Remark 15.116.4. The construction in Lemma 15.116.3 satisfies the following “functoriality”. Suppose we have a commutative diagram

$\xymatrix{ A'_2 \ar[r] & A_2 \\ A'_1 \ar[r] \ar[u] & A_1 \ar[u] }$

with injective horizontal arrows. Suppose given an element $f \in A'_1$ such that $(A'_1 \subset A_1, f)$ and $(A'_2 \subset A_2, f)$ satisfy properties (a), (b), (c) of Lemma 15.116.3. Let $n_{0, 1}$ and $n_{0, 2}$ be the integers found in the lemma for these two situations.

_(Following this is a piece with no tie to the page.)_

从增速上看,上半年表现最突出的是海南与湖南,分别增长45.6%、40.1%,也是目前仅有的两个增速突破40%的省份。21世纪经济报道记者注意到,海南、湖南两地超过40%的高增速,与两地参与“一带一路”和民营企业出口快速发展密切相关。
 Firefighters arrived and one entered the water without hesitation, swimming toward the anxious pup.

Finally, let $B'_1 \to B'_2$ be a ring map, let $g \in B'_1$ be a nonzerodivisor on $B_1$ and $B_2$, let $n \geq \max (n_{0, 1}, n_{0, 2})$, and let a commutative diagram

$\xymatrix{ A'_2/f^ nA'_2 \ar[r]_{\varphi '_2} & B'_2/g^ nB'_2 \\ A'_1/f^ nA'_1 \ar[r]^{\varphi '_1} \ar[u] & B'_2/g^ nB'_2 \ar[u] }$

be given whose horizontal arrows are isomorphisms and where $\varphi '_1(f) \equiv g$. Then we obtain commutative diagrams

$\vcenter { \xymatrix{ B'_2 \ar[r] & B_2 \\ B'_1 \ar[r] \ar[u] & B_1 \ar[u] } } \quad \text{and}\quad \vcenter { \xymatrix{ A_2/fA_2 \ar[r]_{\varphi _2} & B_2/gB_2 \\ A_1/fA_1 \ar[r]^{\varphi _1} \ar[u] & B_2/gB_2 \ar[u] } }$

where $(B'_1 \subset B_1, \varphi _1)$ and $(B'_2 \subset B_2, \varphi _2)$ are constructed as in the proof of Lemma 15.116.3. We omit the detailed verification.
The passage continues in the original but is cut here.